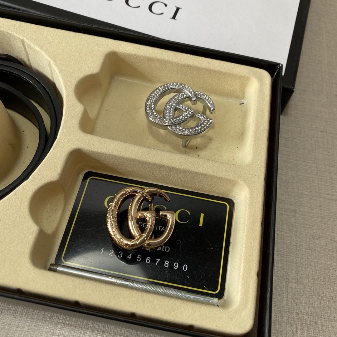 GUCCI, a luxury brand from Italy, has become a leader in the global fashion industry with its unique creativity, exquisite craftsmanship and deep understanding of fashion. This classic double G black belt gift box set is an outstanding representative of the GUCCI brand.The double G logo on the belt is not only a symbol of the GUCCI brand, but also a reflection of fashion and taste. The black belt and the golden double G logo complement each other, simple yet elegant, showing the wearer’s unique taste and personality.
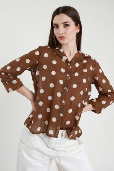 Camicia Semitrasparente in Cotone a Pois con Ripresa sul Retro.
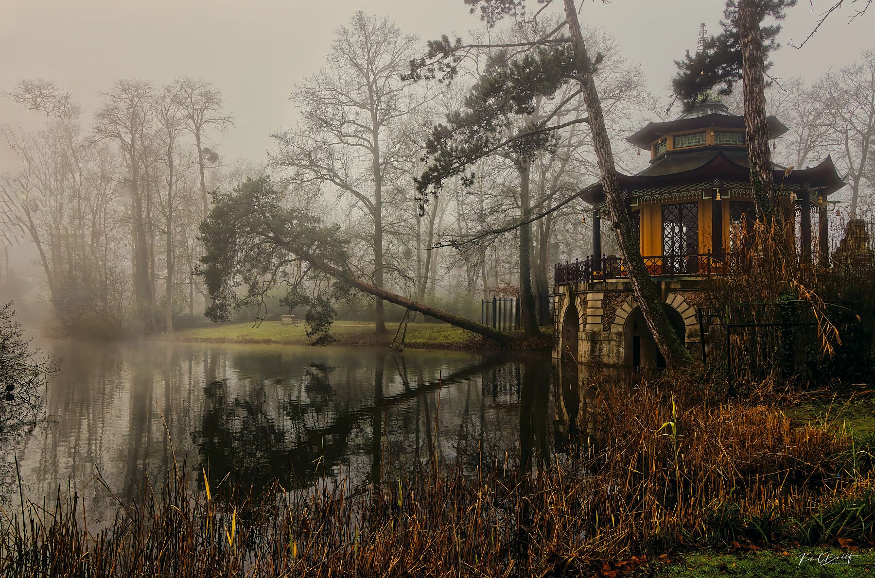 Cette photographie capture l’atmosphère envoûtante du Pavillon Chinois de L’Isle-Adam, baigné dans une brume matinale qui semble effacer la frontière entre rêve et réalité. L’eau calme du lac reflète les silhouettes des arbres dénudés, tandis que la structure orientale se dresse, solitaire et intemporelle. L’équilibre fragile entre nature et architecture confère à cette scène une profondeur singulière, où la lumière tamisée accentue le caractère énigmatique du lieu.
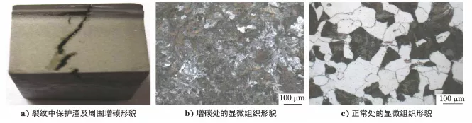 图14 裂纹中保护渣及周围增碳形貌及显微组织
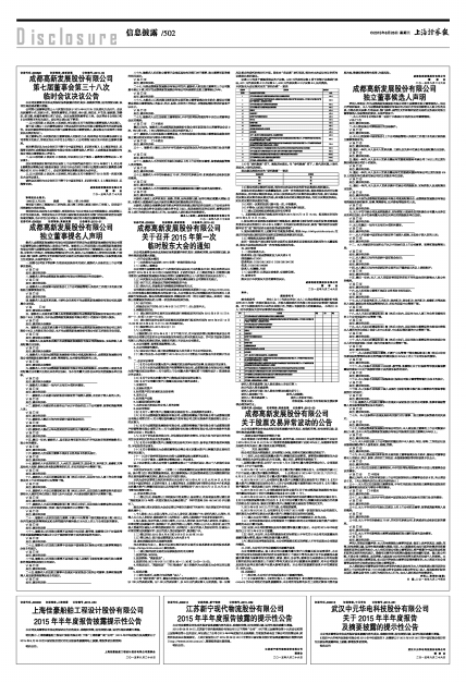 证券代码:000628 证券简称:高新发展 公告编号:2015-53
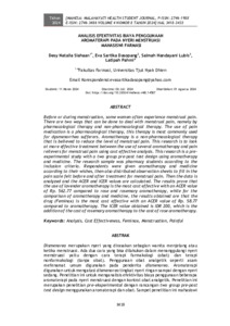 Dismenorea merupakan nyeri yang dirasakan sebagian wanita menjelang atau ketika menstruasi. Ada dua cara yang bisa dilakukan dalam menanggulangi nyeri menstruasi yaitu dengan cara terapi farmakologi (obat) dan terapi nonfarmakologi (tanpa obat). Penggunaan obat analgetik seperti asam mefenamat umum digunakan pada penderita dismenorea. Aromaterapi digunakan untuk mengatasi dismenorea tingkat nyeri ringan sampai dengan nyeri sedang. Penelitian ini untuk menganalisis efektivitas biaya penggunaan beberapa aromaterapi pada nyeri menstruasi dengan kontrol obat analgetik. Penelitian ini merupakan penelitian pre-eksperimental dengan rancangan two group pre-post test design menggunakan aromaterapi dan obat. Sampel penelitian ini mahasiswi farmasi sesuai kriteria inklusi. Responden dibagikan menjadi 4 kelompok. Kelompok 1, 2 dan 3 diberikan aromaterapi lavender, rose dan rosemary sedangkan kelompok ke 4 diberikan obat analgetik. Masing-masing kelompok terdiri dari 34 orang. Setiap responden diberikan lembar observasi untuk diisi skala nyeri yang dirasakan sebelum dan sesudah aromaterapi diberikan, demikian juga kelompok obat analgetik. Kemudian data dianalisis dan dihitung nilai ACER, ICERnya. Hasil membuktikan bahwa penggunaan aromaterapi lavender yang paling cost effective dengan nilai ACER Rp 562,77 dibandingkan aromaterapi rose dan rosemary, sedangkan untuk nilai ACER Rp 58,77 untuk obat dibandingkan aromaterapi. Nilai ICER pada aromaterapi rose Rp 200 yang berarti penambahan biaya pada aromaterapi rosemary sebesar Rp 200 untuk mendapatkan efektivitas seperti aromaterapi rose.
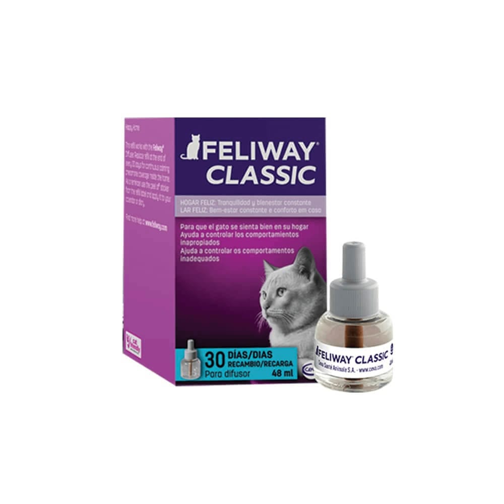 - ¡Enchúfalo y listo! Enrosca el recambio en el difusor y conéctalo a un enchufe en la habitación favorita de tu gato.
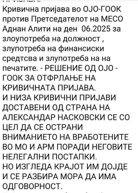 Тие денес на социјалните мрежи објавија дел од кривичните пријави кои се поднесени за ова лице. Според документите, против Насковски се поднесени кривични пријави за злоупотреба на должност, злоупотреба на финансиски средства и злоупотреби на печатите.
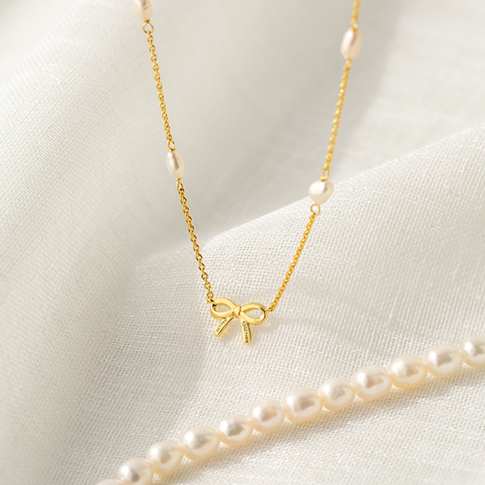 A keepsake for all ages! Celebrate the special bond with our Mama and Me Pearl + Bow Necklace. Featuring freshwater pearls and the phrase "Better Together" on the bow, this 16-19" pearl necklace is a perfect way to share style and sentiment between mom and child. Perfect for the holiday season, this piece adds a touch of grace and unity to every mother-daughter duo.
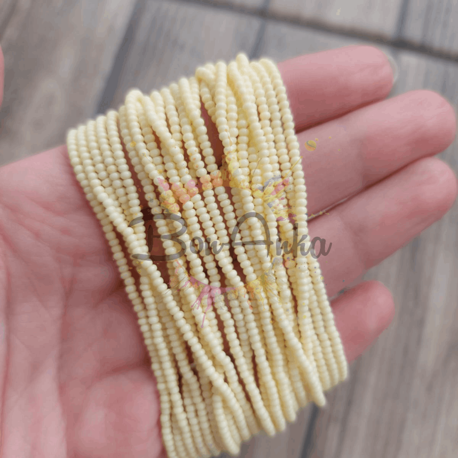 Preciosa 11/0 Dizi Kum Boncuk 03281 (010) Mat Açık Toz Sarı, yüksek kaliteli Çek camından üretilmiş orijinal bir kum boncuk modelidir. Yaklaşık 2,0 – 2,2 mm çapında olup, 0,6 – 0,7 mm delik genişliğine sahiptir. Bu ölçüler sayesinde oya, nakış, takı tasarımı ve farklı boncuk işleme tekniklerinde rahatlıkla kullanılabilir.
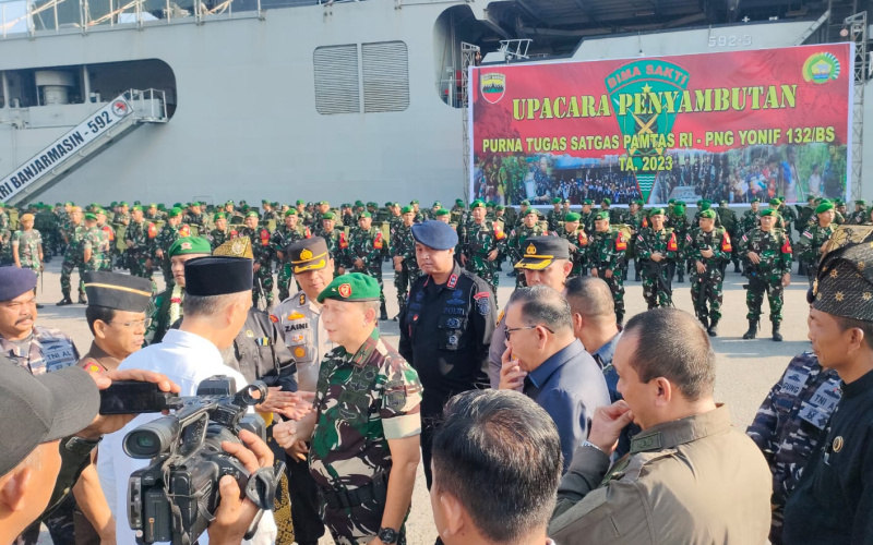 Mediasindonews.com | Dumai - Kamis (14/9/2023) pagi, bertempat di Dermaga C Pelabuhan Pelindo Dumai, Jalan Datuk Laksamana, Kelurahan Buluh Kasap, Kecamatan Dumai Timur, Kota Dumai, dilaksanakan upacara penyambutan Satgas Pengamanan Perbatasan RI-PNG Satgas Batalyon Infantri 132/Bima Sakti (BS).
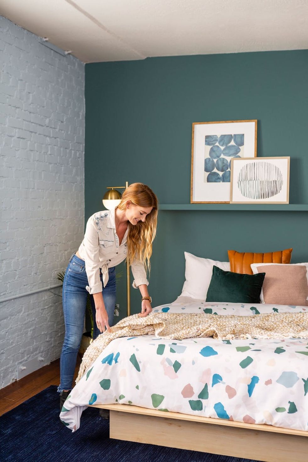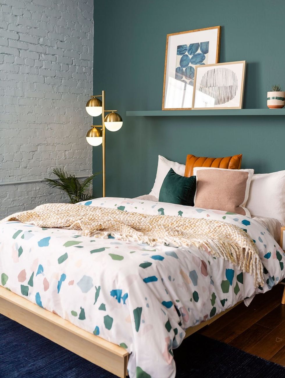 For bedding, we wanted to bring lighter tones in the room, so we opted for a pale wood platform bed topped with this fun terrazzo bedding and mismatched accent pillows. We installed a shelf above the bed and painted it to match the wall to create a seamless, floating effect.

--------------------

An exact copy of all the records, free of pictures, is the expected answer.

- **Completed task**
 GUCCI, a luxury brand from Italy, has become a leader in the global fashion industry with its unique creativity, exquisite craftsmanship and deep understanding of fashion. This classic double G black belt gift box set is an outstanding representative of the GUCCI brand.The double G logo on the belt is not only a symbol of the GUCCI brand, but also a reflection of fashion and taste. The black belt and the golden double G logo complement each other, simple yet elegant, showing the wearer’s unique taste and personality.
 Camicia Semitrasparente in Cotone a Pois con Ripresa sul Retro.
 Cette photographie capture l’atmosphère envoûtante du Pavillon Chinois de L’Isle-Adam, baigné dans une brume matinale qui semble effacer la frontière entre rêve et réalité. L’eau calme du lac reflète les silhouettes des arbres dénudés, tandis que la structure orientale se dresse, solitaire et intemporelle. L’équilibre fragile entre nature et architecture confère à cette scène une profondeur singulière, où la lumière tamisée accentue le caractère énigmatique du lieu.
 图14 裂纹中保护渣及周围增碳形貌及显微组织
 证券代码:000628 证券简称:高新发展 公告编号:2015-53
 Dismenorea merupakan nyeri yang dirasakan sebagian wanita menjelang atau ketika menstruasi. Ada dua cara yang bisa dilakukan dalam menanggulangi nyeri menstruasi yaitu dengan cara terapi farmakologi (obat) dan terapi nonfarmakologi (tanpa obat). Penggunaan obat analgetik seperti asam mefenamat umum digunakan pada penderita dismenorea. Aromaterapi digunakan untuk mengatasi dismenorea tingkat nyeri ringan sampai dengan nyeri sedang. Penelitian ini untuk menganalisis efektivitas biaya penggunaan beberapa aromaterapi pada nyeri menstruasi dengan kontrol obat analgetik. Penelitian ini merupakan penelitian pre-eksperimental dengan rancangan two group pre-post test design menggunakan aromaterapi dan obat. Sampel penelitian ini mahasiswi farmasi sesuai kriteria inklusi. Responden dibagikan menjadi 4 kelompok. Kelompok 1, 2 dan 3 diberikan aromaterapi lavender, rose dan rosemary sedangkan kelompok ke 4 diberikan obat analgetik. Masing-masing kelompok terdiri dari 34 orang. Setiap responden diberikan lembar observasi untuk diisi skala nyeri yang dirasakan sebelum dan sesudah aromaterapi diberikan, demikian juga kelompok obat analgetik. Kemudian data dianalisis dan dihitung nilai ACER, ICERnya. Hasil membuktikan bahwa penggunaan aromaterapi lavender yang paling cost effective dengan nilai ACER Rp 562,77 dibandingkan aromaterapi rose dan rosemary, sedangkan untuk nilai ACER Rp 58,77 untuk obat dibandingkan aromaterapi. Nilai ICER pada aromaterapi rose Rp 200 yang berarti penambahan biaya pada aromaterapi rosemary sebesar Rp 200 untuk mendapatkan efektivitas seperti aromaterapi rose.
 - ¡Enchúfalo y listo! Enrosca el recambio en el difusor y conéctalo a un enchufe en la habitación favorita de tu gato.
 Тие денес на социјалните мрежи објавија дел од кривичните пријави кои се поднесени за ова лице. Според документите, против Насковски се поднесени кривични пријави за злоупотреба на должност, злоупотреба на финансиски средства и злоупотреби на печатите.
 A keepsake for all ages! Celebrate the special bond with our Mama and Me Pearl + Bow Necklace. Featuring freshwater pearls and the phrase "Better Together" on the bow, this 16-19" pearl necklace is a perfect way to share style and sentiment between mom and child. Perfect for the holiday season, this piece adds a touch of grace and unity to every mother-daughter duo.
 Preciosa 11/0 Dizi Kum Boncuk 03281 (010) Mat Açık Toz Sarı, yüksek kaliteli Çek camından üretilmiş orijinal bir kum boncuk modelidir. Yaklaşık 2,0 – 2,2 mm çapında olup, 0,6 – 0,7 mm delik genişliğine sahiptir. Bu ölçüler sayesinde oya, nakış, takı tasarımı ve farklı boncuk işleme tekniklerinde rahatlıkla kullanılabilir.
 Mediasindonews.com | Dumai - Kamis (14/9/2023) pagi, bertempat di Dermaga C Pelabuhan Pelindo Dumai, Jalan Datuk Laksamana, Kelurahan Buluh Kasap, Kecamatan Dumai Timur, Kota Dumai, dilaksanakan upacara penyambutan Satgas Pengamanan Perbatasan RI-PNG Satgas Batalyon Infantri 132/Bima Sakti (BS).
 For bedding, we wanted to bring lighter tones in the room, so we opted for a pale wood platform bed topped with this fun terrazzo bedding and mismatched accent pillows. We installed a shelf above the bed and painted it to match the wall to create a seamless, floating effect.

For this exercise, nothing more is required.